PROBLEM TO WORK ON
Exactly as written, output the lines below starting from the first and ending with the line that contains "26143-sili/ビンテ"; omit pictures.

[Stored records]

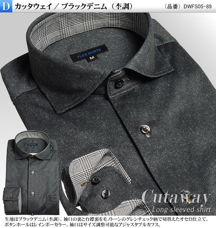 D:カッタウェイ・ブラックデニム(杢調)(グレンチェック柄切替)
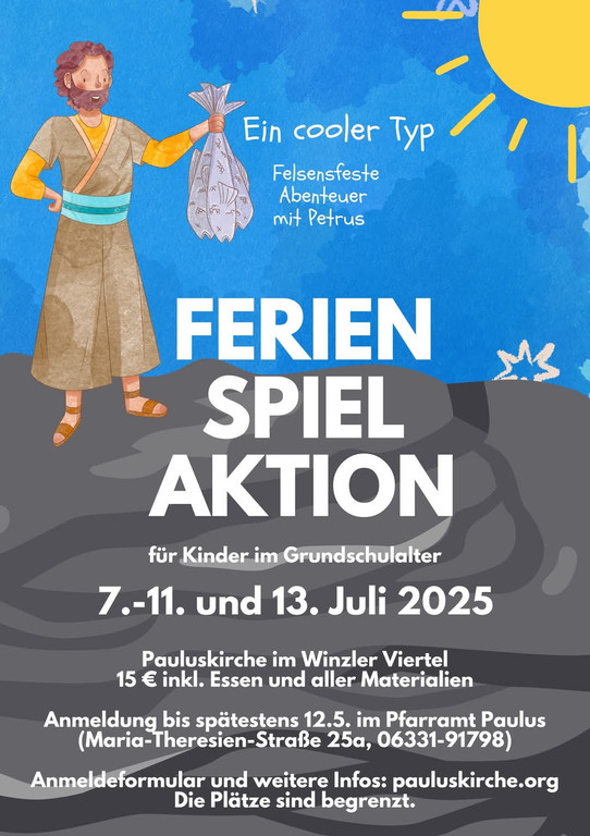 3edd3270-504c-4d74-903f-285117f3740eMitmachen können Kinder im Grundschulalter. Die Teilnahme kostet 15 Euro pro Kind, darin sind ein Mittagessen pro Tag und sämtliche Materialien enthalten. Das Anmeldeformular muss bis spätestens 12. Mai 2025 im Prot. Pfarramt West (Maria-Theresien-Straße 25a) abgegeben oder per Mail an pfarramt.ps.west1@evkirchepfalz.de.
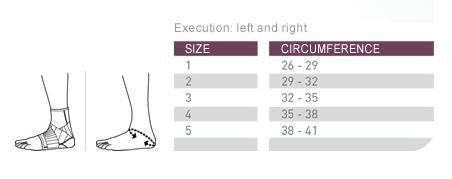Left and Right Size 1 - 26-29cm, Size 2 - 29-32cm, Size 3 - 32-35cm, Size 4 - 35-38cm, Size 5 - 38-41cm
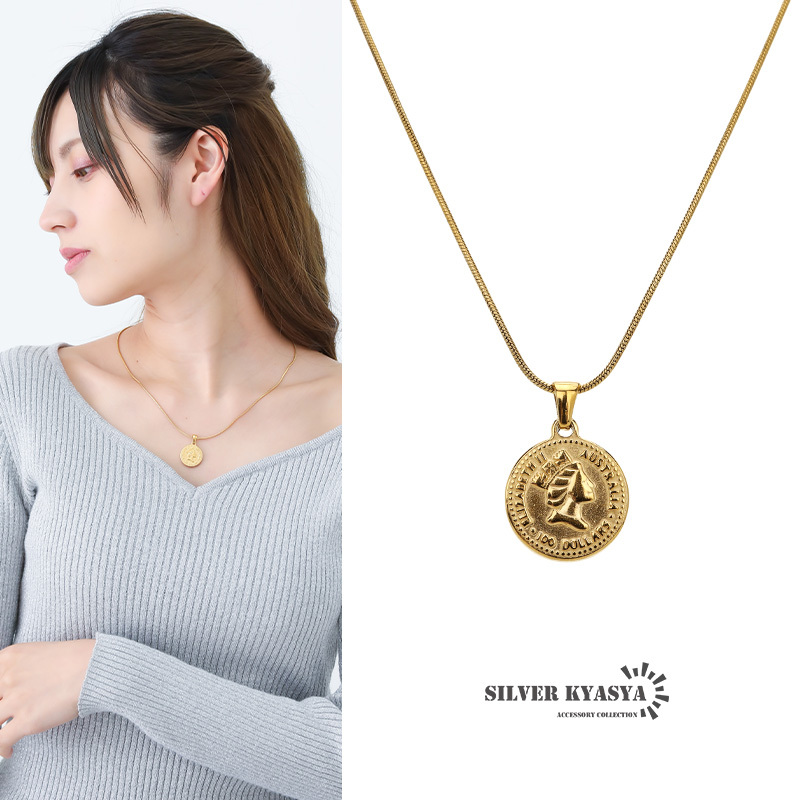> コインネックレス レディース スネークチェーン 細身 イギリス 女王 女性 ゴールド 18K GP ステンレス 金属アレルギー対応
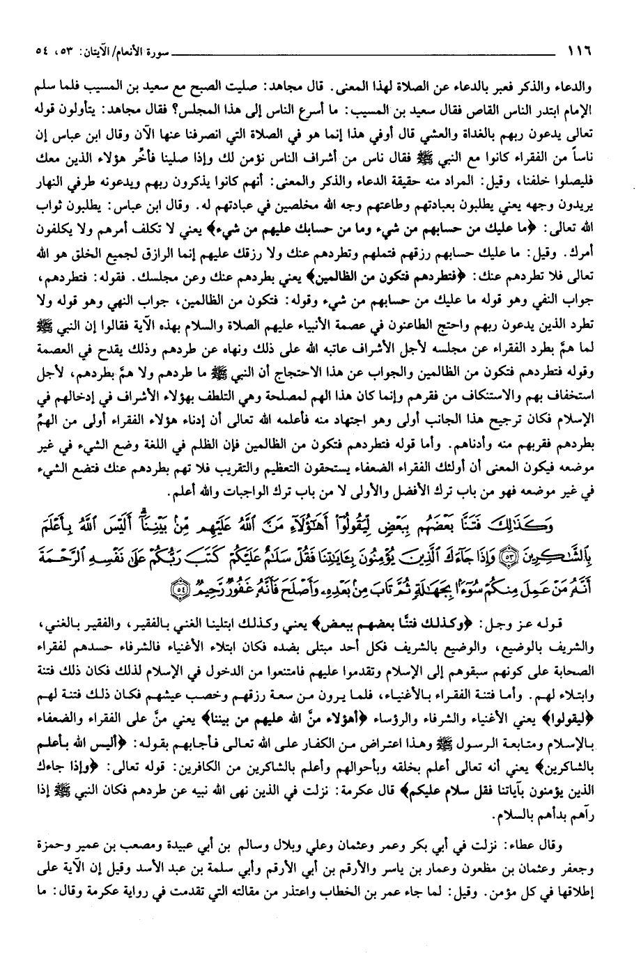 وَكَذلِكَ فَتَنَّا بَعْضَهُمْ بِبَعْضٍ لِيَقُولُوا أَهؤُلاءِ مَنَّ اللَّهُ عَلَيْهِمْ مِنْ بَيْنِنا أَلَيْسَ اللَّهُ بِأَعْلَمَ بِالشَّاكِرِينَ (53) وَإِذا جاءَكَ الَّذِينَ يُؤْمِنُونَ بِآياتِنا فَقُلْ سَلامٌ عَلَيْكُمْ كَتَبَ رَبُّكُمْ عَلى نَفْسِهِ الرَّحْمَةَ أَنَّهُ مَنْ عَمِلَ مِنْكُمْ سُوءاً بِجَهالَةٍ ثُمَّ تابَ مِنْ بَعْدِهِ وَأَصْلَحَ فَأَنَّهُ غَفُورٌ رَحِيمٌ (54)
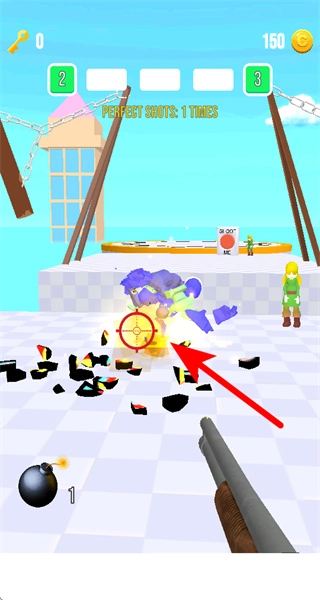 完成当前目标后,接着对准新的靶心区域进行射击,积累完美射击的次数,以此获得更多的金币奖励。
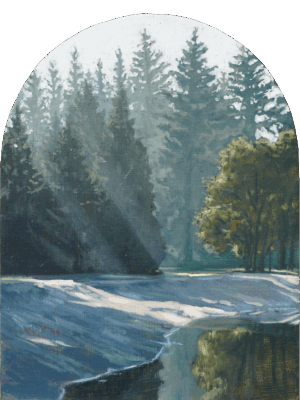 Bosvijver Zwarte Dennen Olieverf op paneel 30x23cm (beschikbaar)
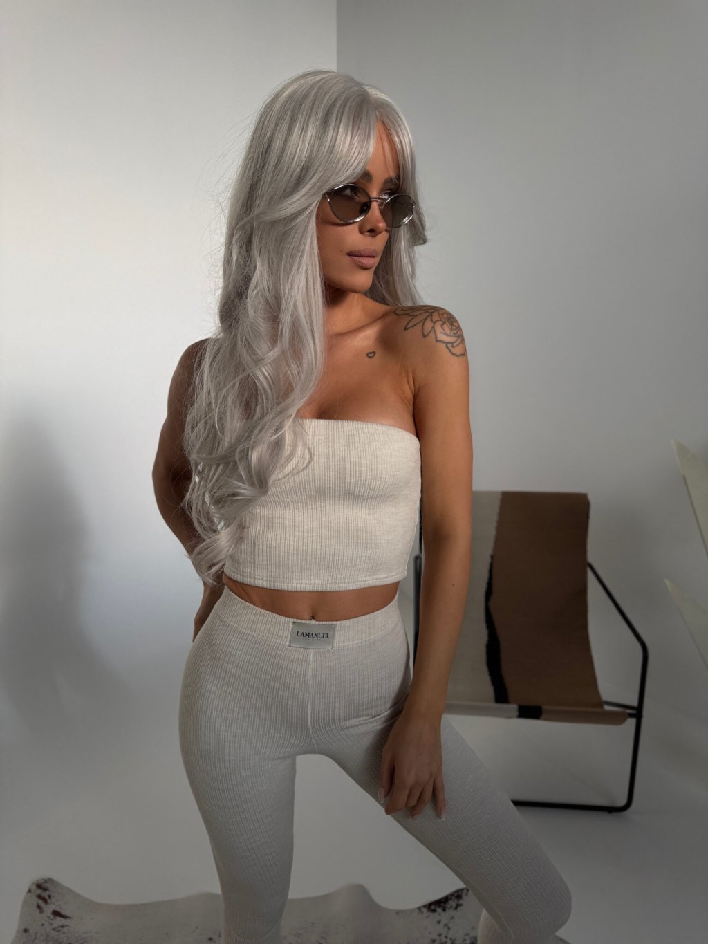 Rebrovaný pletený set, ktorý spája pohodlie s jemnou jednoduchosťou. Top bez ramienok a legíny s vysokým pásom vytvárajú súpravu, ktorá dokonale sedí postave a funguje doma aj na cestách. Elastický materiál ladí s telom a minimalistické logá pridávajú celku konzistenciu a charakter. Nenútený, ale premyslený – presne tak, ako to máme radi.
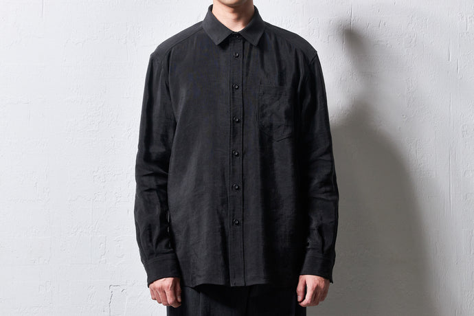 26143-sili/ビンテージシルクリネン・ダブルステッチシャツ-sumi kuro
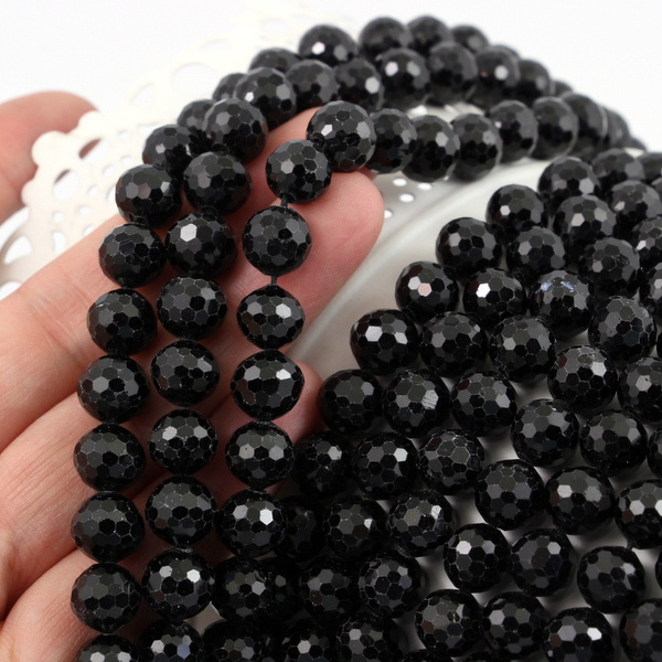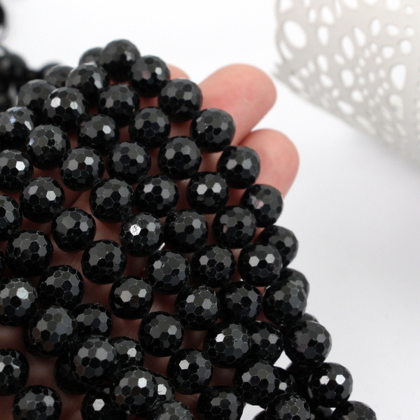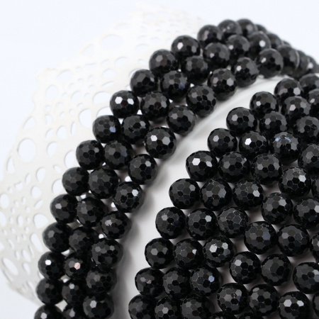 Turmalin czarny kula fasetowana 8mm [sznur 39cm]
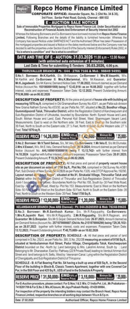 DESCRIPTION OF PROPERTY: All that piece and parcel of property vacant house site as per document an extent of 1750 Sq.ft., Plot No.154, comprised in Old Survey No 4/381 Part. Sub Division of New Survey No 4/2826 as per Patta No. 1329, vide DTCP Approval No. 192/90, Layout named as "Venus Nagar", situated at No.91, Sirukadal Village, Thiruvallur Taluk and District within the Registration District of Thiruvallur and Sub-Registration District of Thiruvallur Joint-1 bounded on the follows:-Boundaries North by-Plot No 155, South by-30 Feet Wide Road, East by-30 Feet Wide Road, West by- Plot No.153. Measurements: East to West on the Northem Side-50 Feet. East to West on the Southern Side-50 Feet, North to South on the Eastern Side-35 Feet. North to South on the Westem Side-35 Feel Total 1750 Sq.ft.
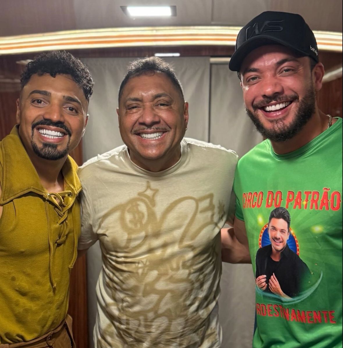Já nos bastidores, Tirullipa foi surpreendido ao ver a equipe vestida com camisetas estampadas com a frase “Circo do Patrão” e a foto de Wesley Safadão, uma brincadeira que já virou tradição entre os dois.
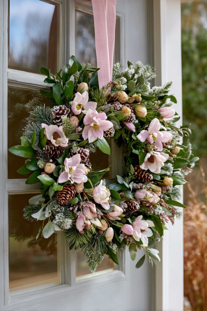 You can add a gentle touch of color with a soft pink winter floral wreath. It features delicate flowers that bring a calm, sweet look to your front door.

ANSWER TO THIS EXERCISE
 D:カッタウェイ・ブラックデニム(杢調)(グレンチェック柄切替)
 3edd3270-504c-4d74-903f-285117f3740eMitmachen können Kinder im Grundschulalter. Die Teilnahme kostet 15 Euro pro Kind, darin sind ein Mittagessen pro Tag und sämtliche Materialien enthalten. Das Anmeldeformular muss bis spätestens 12. Mai 2025 im Prot. Pfarramt West (Maria-Theresien-Straße 25a) abgegeben oder per Mail an pfarramt.ps.west1@evkirchepfalz.de.
Left and Right Size 1 - 26-29cm, Size 2 - 29-32cm, Size 3 - 32-35cm, Size 4 - 35-38cm, Size 5 - 38-41cm
> コインネックレス レディース スネークチェーン 細身 イギリス 女王 女性 ゴールド 18K GP ステンレス 金属アレルギー対応
 وَكَذلِكَ فَتَنَّا بَعْضَهُمْ بِبَعْضٍ لِيَقُولُوا أَهؤُلاءِ مَنَّ اللَّهُ عَلَيْهِمْ مِنْ بَيْنِنا أَلَيْسَ اللَّهُ بِأَعْلَمَ بِالشَّاكِرِينَ (53) وَإِذا جاءَكَ الَّذِينَ يُؤْمِنُونَ بِآياتِنا فَقُلْ سَلامٌ عَلَيْكُمْ كَتَبَ رَبُّكُمْ عَلى نَفْسِهِ الرَّحْمَةَ أَنَّهُ مَنْ عَمِلَ مِنْكُمْ سُوءاً بِجَهالَةٍ ثُمَّ تابَ مِنْ بَعْدِهِ وَأَصْلَحَ فَأَنَّهُ غَفُورٌ رَحِيمٌ (54)
 完成当前目标后,接着对准新的靶心区域进行射击,积累完美射击的次数,以此获得更多的金币奖励。
 Bosvijver Zwarte Dennen Olieverf op paneel 30x23cm (beschikbaar)
 Rebrovaný pletený set, ktorý spája pohodlie s jemnou jednoduchosťou. Top bez ramienok a legíny s vysokým pásom vytvárajú súpravu, ktorá dokonale sedí postave a funguje doma aj na cestách. Elastický materiál ladí s telom a minimalistické logá pridávajú celku konzistenciu a charakter. Nenútený, ale premyslený – presne tak, ako to máme radi.
 26143-sili/ビンテージシルクリネン・ダブルステッチシャツ-sumi kuro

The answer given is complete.